Cuando volvió a mirarla, ella estaba sonriendo, como si encontrara divertida la irritación que sin duda era evidente en su rostro.

– ¿Te parece divertido? -dijo él, moviendo la cabeza.

– No podría serlo más.

– Te creo. í

– De entre todo lo que imaginaba que pasaría al venir a Portland, jamás se me ocurrió pensar que acabaría liándome con uno de los Danvers. Quiero decir que suponía que podría haber resentimiento e incredulidad, y presiones para que me volviera a casa, pero esto… lo que ha pasado entre nosotros… créeme, nunca se me hubiera pasado por la cabeza hasta que te vi.

– ¿Y entonces?

– Bueno… entonces. -Ella asintió con la cabeza y dejó escapar un largo suspiro.

Zach notó que una sonrisa se le formaba en los labios y se la ofreció a ella.

– Sí, y lo más divertido, o quizá egocéntrico sea la palabra más adecuada, es que tú me estás acusando de haberte perseguido.
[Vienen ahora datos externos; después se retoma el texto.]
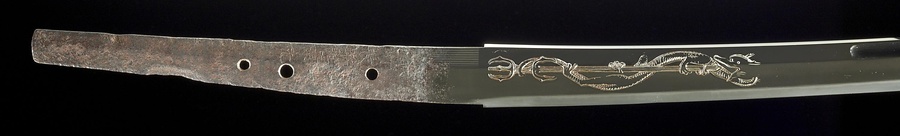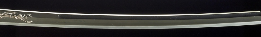 景光は、鎌倉時代末期に活躍した備前国(岡山県南東部)長船@おさふね@派の名工です。本品はその初期作で、父・長光@ながみつ@の晩年の作風を引き継いだものです。刀身はやや細身で、小板目@こいため@の精美な地鉄@じがね@に冴えた直刃@すぐは@を焼入れており、腰元@こしもと@の佩表@はきおもて@には俱利迦羅@くりから@、佩裏には梵字@ぼんじ@の彫物@ほりもの@があります。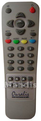 Power, Mute, Up, Down, Right, Left, OK, Menu, Exit, Red / UHF, Green / Audio, Yellow / Pause, Blue / <--, 1, 2, 3, 4, 5, 6, 7, 8, 9, 0, EPG, Liste, Vol +, Vol -, CH +, CH -, Page +, Page -, Info, TV / Sat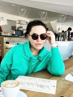 Оксана Байрак сфотографувалася за столиком в кафе, прийшовши туди випити чашку кави. Зірка ТБ не стала знімати сонцезащитных окулярів, ймовірно, приховуючи не нафарбовані очі.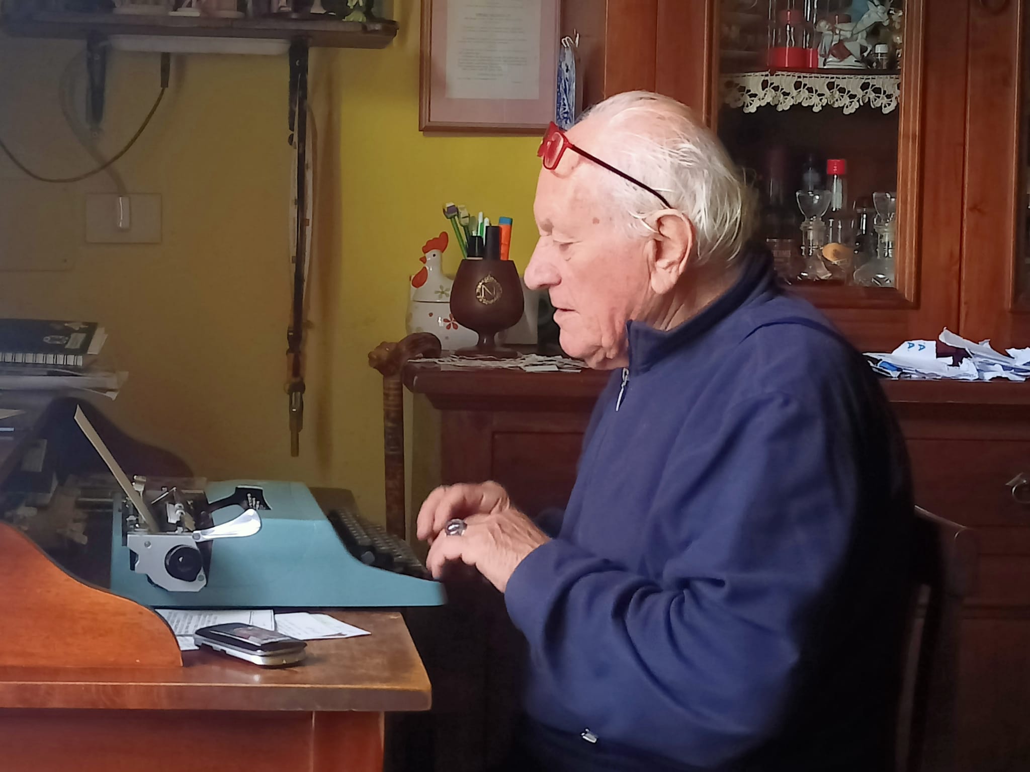 Ma quel che più amava fare Giuseppe era scrivere: poesie, ballate, storielle, canzoni, pensieri in rima. Componimenti che nascevano per caso, spontaneamente, dal semplice osservare da una panchina le persone che passeggiavano o chiacchieravano nei bar, o dal lasciarsi andare ad un ricordo di gioventù, ad un sentimento o una riflessione. Si appuntava le parole su un taccuino, per non rischiare di dimenticarle, e poi le trasferiva su carta, battendo i tasti della sua Olivetti Lettera 32, un vero gioiello degli anni ’60, sua fidata e inseparabile compagna in quella danza sinuosa tra foglio e tastiera.

Pero a mí me parece lo contrario.

– ¿Yo?

– Hum. -Ella sacudió la cabeza y sus negros rizos le rozaron la nívea piel-. Podría haberte seducido yo, pero después de todo, lo que me sedujo fueron esas sombrías miradas con las que me desnudabas. Todas las veces que estuviste a punto de besarme, pero no lo hiciste. Cuando me llevaste hasta la orilla del río Clackamas con la intención de seducirme, pero te echaste atrás, y creo que lo hiciste solo para que te deseara aún más. -Agarró una brizna de hierba y la sujetó entre los dedos-. Y ahora ¿yo soy la chica mala? -Ella le guiñó un ojo y él sintió que se le volvía a excitar la sangre-. A mí no me lo parece.

– Me parece que se te escapa algo.

– ¿El qué?

Él le agarró las dos manos con las suyas y las duras facciones de su rostro se ablandaron.
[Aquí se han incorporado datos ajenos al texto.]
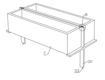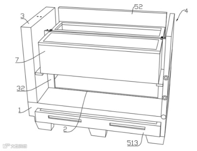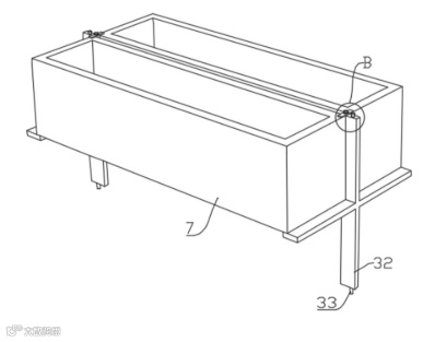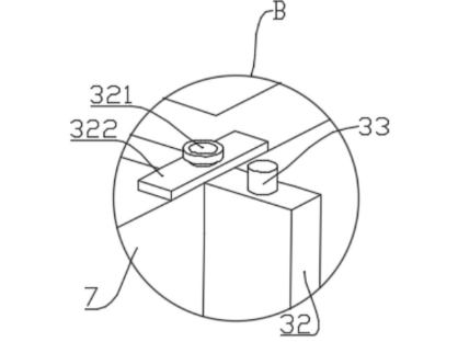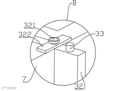 4.十字支撑板与周转箱系统:调节槽(2)内可滑动设置多个十字支撑板(32),通过锁紧螺杆(33)与槽内内螺纹孔(34)配合固定。两个十字支撑板(32)可共同支撑两个周转箱(7)。十字支撑板(32)垂直端顶部通过连接螺栓(321)安装水平压板(322),压紧周转箱顶部,确保其稳固。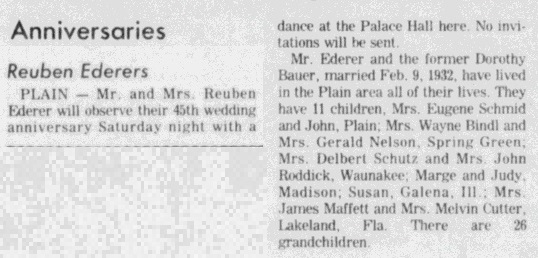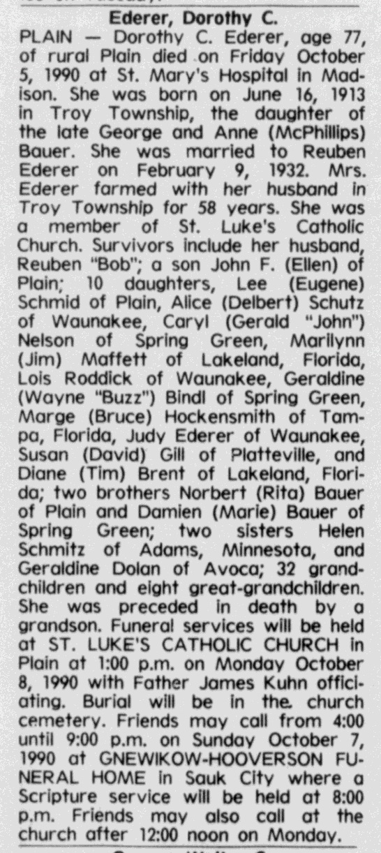 Children of Dorothy Catherine Bauer and Reuben John Ederer

– Que esto se nos ha escapado de las manos. No hemos podido controlarlo, y los dos lo sabemos.

– ¿Y cómo vamos a poder a controlarlo, eh? -preguntó ella mientras volvía a recoger sus vaqueros-. ¿Actuando de esta manera? ¿Haciendo ver que no existe atracción entre nosotros?

– Quizá.

– No funcionará.

– Pues entonces buscaremos cualquier otra manera para que funcione -dijo él bruscamente.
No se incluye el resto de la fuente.